Olejek z drzewa herbacianego (Melaleuca alternifolia) wykorzystywany
był od dawna przez Aborygenów australijskich. W Europie jest coraz
popularniejszy, również częściej stosowany w Polsce. Olejek ma silny zapach
nieco przypominający woń eukaliptusa, może być jasnożółty albo prawie bezbarwny.
Z rodziny roślin Melaleuca wytwarzane
są również inne olejki. Z drzew, które rosną w Nowej Kaledonii wytwarzany jest
olejek niaouli, a z drzew rosnących w Indonezji - kajeputowy. Olejki te mają nieco
inne właściwości.
Olejek z drzewa herbacianego jest znakomitym
lekiem na infekcje bakteryjne, wirusowe oraz różnego rodzaju grzyby.
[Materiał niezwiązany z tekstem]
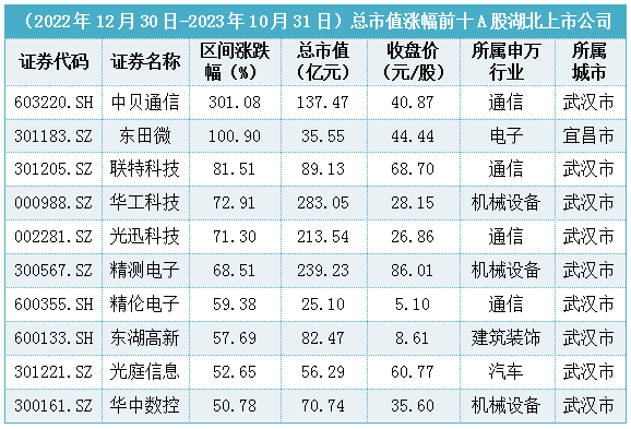 截至10月31日的数据显示,A股湖北上市公司总市值为1.39万亿元,市值超百亿元的企业有36家。
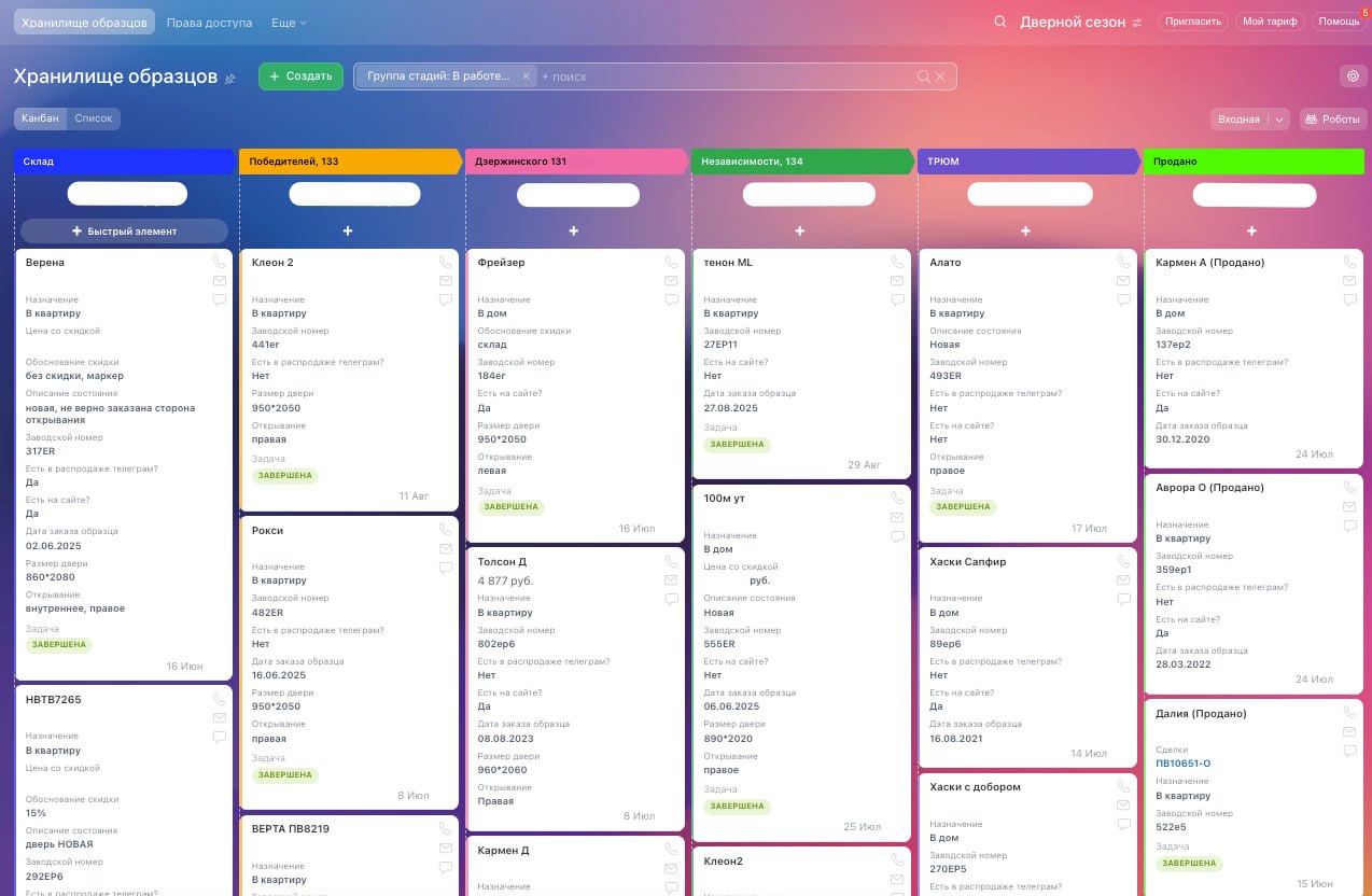 Для клиентов ООО «Дверной сезон» ничего не изменилось — они по-прежнему приходили в салоны, получали консультацию и ждали свои двери. Все перемены происходили внутри команды. В систему начали поступать заявки из разных источников (звонки с телефонии, формы с сайта, обращения из рекламы и даже сообщения из соцсетей). Все они теперь сразу фиксировались в CRM и не терялись, а вместе с этим сохранялись договорённости и история общения. Менеджеры получали напоминания о звонках и статусах заказов, а руководители видели: если правильно работать в системе, она экономит время, снимает рутину и повышает качество обслуживания.

Stymuluje również pracę układu immunologicznego, zwiększając odporność organizmu. Stosuje
się go w leczeniu przeziębień, anginy i grypy. Jeżeli zastosuje się go do kąpieli
w początkowym okresie choroby to spowoduje silne poty. Należy jednak używać go
w małych ilościach, gdyż może podrażniać skórę. Przed wlaniem olejku do kąpieli należy
rozcieńczyć go w wódce, a na wannę wody użyć nie więcej niż 3-4 krople.
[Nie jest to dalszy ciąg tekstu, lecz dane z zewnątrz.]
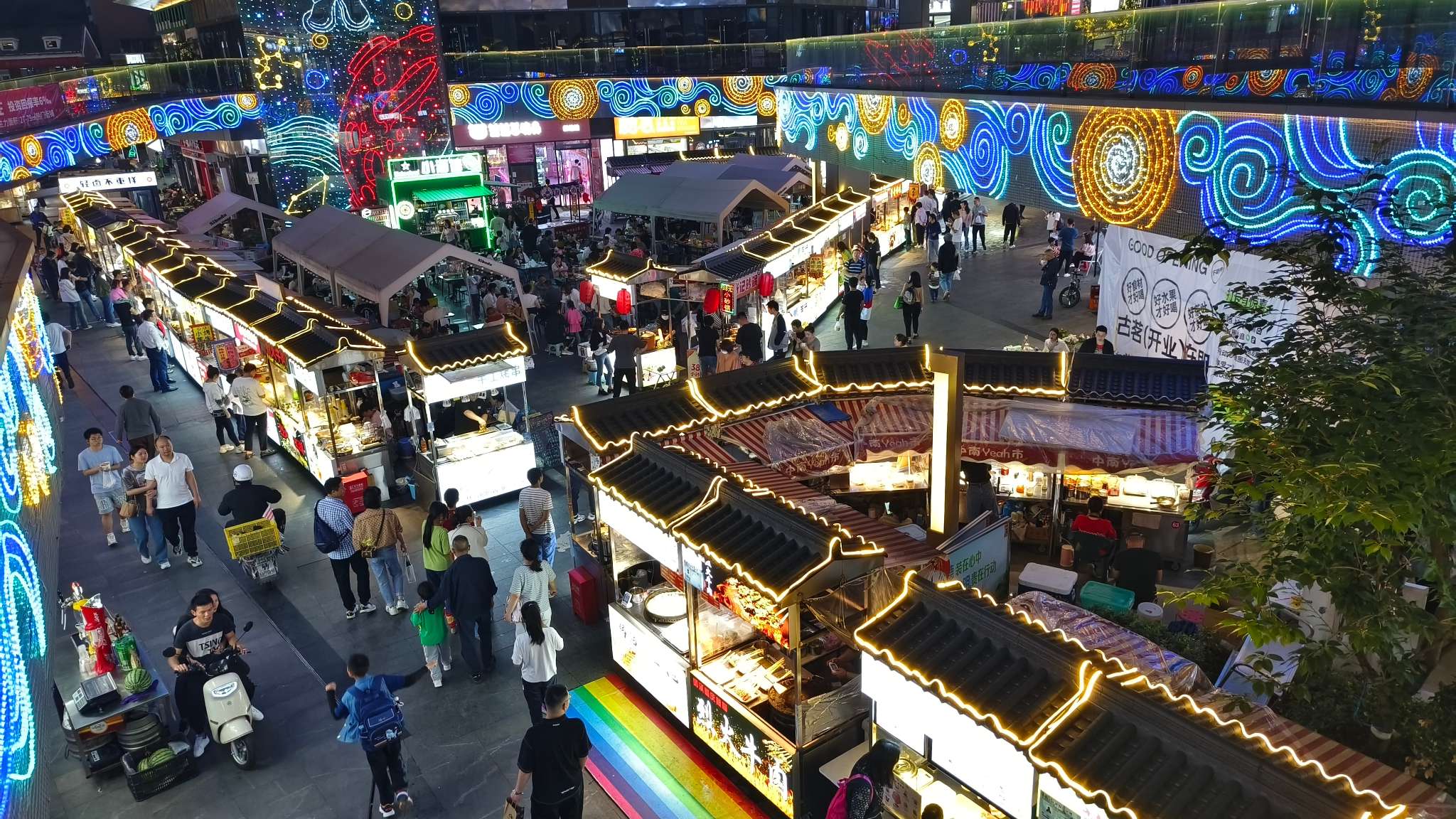 The night market stalls near Xingfa Plaza offer snacks, toys and creative products.
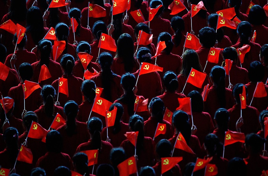 Read morePerformers hold flags of the Communist Party of China during an event to celebrate the 90th anniversary of the founding of the party, at the Mercedes-Benz Arena in Shanghai, on June 30, 2011. #

Uwaga! Podczas kąpieli należy uważać na oczy.
Czysty olejek z drzewa herbacianego jest bardzo
dobrym środkiem przeciw opryszczce. Przy pierwszej oznace pieczenia należy
nim posmarować usta. W ten sam sposób można leczyć pęcherzyki, które pojawiają
się przy półpaścu i wietrznej ospie. Olejek leczy także łuszczycę i przyśpiesza
zabliźnianie się ran. Eliminuje łupież. Neutralizuje zapach potu. W stanach
przemęczenia, zniechęcenia pobudza i stymuluje centralny układ nerwowy. Uspokaja
osoby zdenerwowane i dodaje sił przy wyczerpaniu nerwowym. Olejek jest również niezastąpionym
lekiem przeciwtrądzikowym.
Przy grypie i przeziębieniu można dodać
do kominka aromatycznego 10 kropli olejku z drzewa herbacianego, 10 kropli
olejku lawendowego i 5 kropli olejku z drzewa różanego.